● **What to do**
Using the data beneath this instruction, retype only the lines from the one that contains "В отделениях МФЦ" down to the one that contains "Leírás: 1891 Hirdetvénybélyeg", both included, exactly as they appear.
════
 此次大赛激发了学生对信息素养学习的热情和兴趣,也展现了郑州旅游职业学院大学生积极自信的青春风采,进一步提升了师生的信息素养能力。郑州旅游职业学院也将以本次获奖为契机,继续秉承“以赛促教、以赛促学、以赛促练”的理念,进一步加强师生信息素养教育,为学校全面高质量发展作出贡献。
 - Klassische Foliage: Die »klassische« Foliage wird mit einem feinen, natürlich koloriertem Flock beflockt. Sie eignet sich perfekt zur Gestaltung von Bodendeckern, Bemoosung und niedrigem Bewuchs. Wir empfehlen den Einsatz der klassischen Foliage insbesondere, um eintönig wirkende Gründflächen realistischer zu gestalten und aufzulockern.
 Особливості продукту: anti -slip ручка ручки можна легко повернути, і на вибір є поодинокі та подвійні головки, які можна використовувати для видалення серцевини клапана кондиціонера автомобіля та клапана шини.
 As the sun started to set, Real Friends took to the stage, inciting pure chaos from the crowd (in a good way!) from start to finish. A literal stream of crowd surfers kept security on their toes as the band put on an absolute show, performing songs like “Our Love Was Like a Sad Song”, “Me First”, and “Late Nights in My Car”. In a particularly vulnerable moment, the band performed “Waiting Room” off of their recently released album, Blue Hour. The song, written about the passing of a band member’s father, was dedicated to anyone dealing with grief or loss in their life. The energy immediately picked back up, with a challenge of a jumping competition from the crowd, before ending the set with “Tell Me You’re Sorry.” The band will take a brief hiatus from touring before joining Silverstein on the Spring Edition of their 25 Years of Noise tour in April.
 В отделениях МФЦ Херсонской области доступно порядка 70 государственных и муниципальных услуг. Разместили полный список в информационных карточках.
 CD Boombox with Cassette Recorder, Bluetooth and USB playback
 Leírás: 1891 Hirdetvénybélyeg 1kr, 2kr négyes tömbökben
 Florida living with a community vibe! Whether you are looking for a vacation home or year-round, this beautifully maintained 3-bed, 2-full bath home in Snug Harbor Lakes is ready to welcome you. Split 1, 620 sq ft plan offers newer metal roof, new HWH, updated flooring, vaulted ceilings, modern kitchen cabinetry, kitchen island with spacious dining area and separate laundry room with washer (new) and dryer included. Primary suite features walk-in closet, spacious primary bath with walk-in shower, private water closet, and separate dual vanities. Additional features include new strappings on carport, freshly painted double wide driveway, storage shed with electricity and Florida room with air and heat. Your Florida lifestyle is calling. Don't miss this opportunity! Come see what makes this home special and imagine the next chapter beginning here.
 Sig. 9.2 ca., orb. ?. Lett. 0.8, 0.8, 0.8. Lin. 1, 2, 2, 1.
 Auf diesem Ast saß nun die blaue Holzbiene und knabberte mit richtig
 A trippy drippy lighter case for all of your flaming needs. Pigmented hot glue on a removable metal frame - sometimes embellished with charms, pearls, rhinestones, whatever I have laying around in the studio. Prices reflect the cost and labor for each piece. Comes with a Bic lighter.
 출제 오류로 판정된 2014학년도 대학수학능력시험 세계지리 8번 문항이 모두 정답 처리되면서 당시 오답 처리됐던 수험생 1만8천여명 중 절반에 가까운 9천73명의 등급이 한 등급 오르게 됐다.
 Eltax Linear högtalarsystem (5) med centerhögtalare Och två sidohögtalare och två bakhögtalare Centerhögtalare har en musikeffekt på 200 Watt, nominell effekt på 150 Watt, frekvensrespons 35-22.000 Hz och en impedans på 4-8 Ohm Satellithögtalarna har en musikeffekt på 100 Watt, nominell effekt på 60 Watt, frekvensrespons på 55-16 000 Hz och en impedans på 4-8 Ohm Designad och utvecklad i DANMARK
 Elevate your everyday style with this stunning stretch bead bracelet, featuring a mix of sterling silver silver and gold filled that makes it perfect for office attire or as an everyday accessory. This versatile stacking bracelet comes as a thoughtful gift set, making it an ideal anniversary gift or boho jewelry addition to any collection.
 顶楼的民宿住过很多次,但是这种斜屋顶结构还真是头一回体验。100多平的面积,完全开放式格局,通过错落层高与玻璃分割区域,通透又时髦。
════
● **Answer for the task**
 В отделениях МФЦ Херсонской области доступно порядка 70 государственных и муниципальных услуг. Разместили полный список в информационных карточках.
 CD Boombox with Cassette Recorder, Bluetooth and USB playback
 Leírás: 1891 Hirdetvénybélyeg 1kr, 2kr négyes tömbökben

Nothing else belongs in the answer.